| Exercise requirements |
Using the data below, return word for word every line from the one holding "BRYN WALKER Ivy" down to the one holding "Y acabé la figura". Leave pictures out.

| Supplied data |
BEGIN

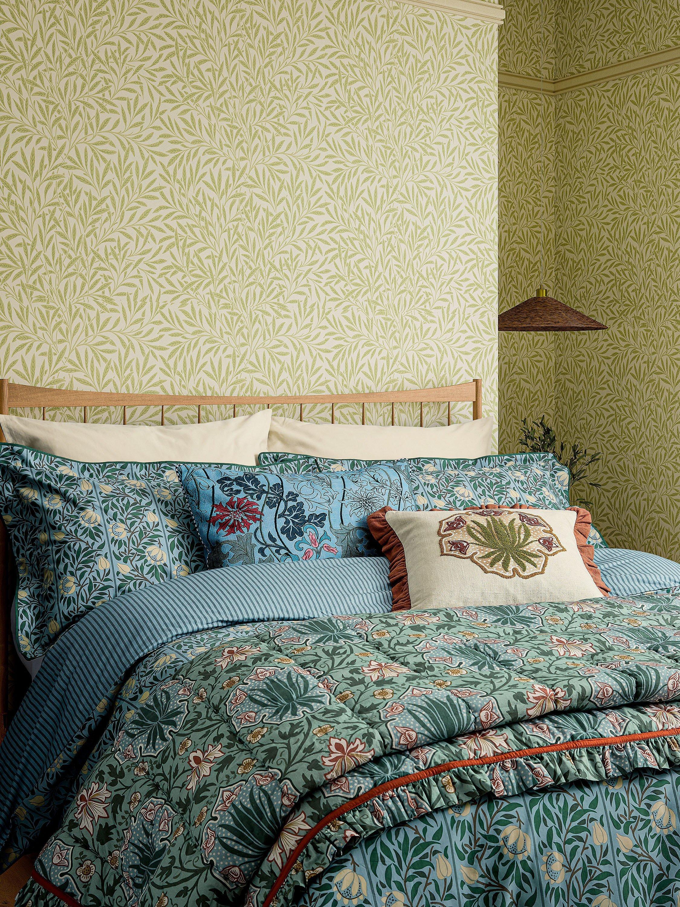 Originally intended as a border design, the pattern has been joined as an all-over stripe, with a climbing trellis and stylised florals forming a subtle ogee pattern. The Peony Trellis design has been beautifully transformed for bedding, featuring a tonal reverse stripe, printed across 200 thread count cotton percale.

END
BEGIN

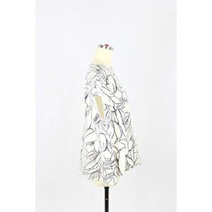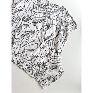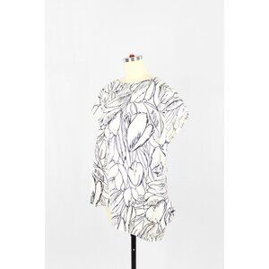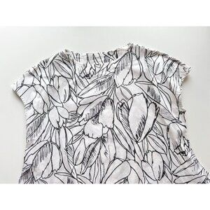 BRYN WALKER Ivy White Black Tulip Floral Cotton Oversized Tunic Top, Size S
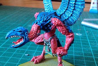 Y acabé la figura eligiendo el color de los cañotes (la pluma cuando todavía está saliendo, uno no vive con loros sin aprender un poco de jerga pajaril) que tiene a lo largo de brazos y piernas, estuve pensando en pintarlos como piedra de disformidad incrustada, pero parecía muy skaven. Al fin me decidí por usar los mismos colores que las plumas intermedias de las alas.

END

| Exercise solution |
 BRYN WALKER Ivy White Black Tulip Floral Cotton Oversized Tunic Top, Size S
 Y acabé la figura eligiendo el color de los cañotes (la pluma cuando todavía está saliendo, uno no vive con loros sin aprender un poco de jerga pajaril) que tiene a lo largo de brazos y piernas, estuve pensando en pintarlos como piedra de disformidad incrustada, pero parecía muy skaven. Al fin me decidí por usar los mismos colores que las plumas intermedias de las alas.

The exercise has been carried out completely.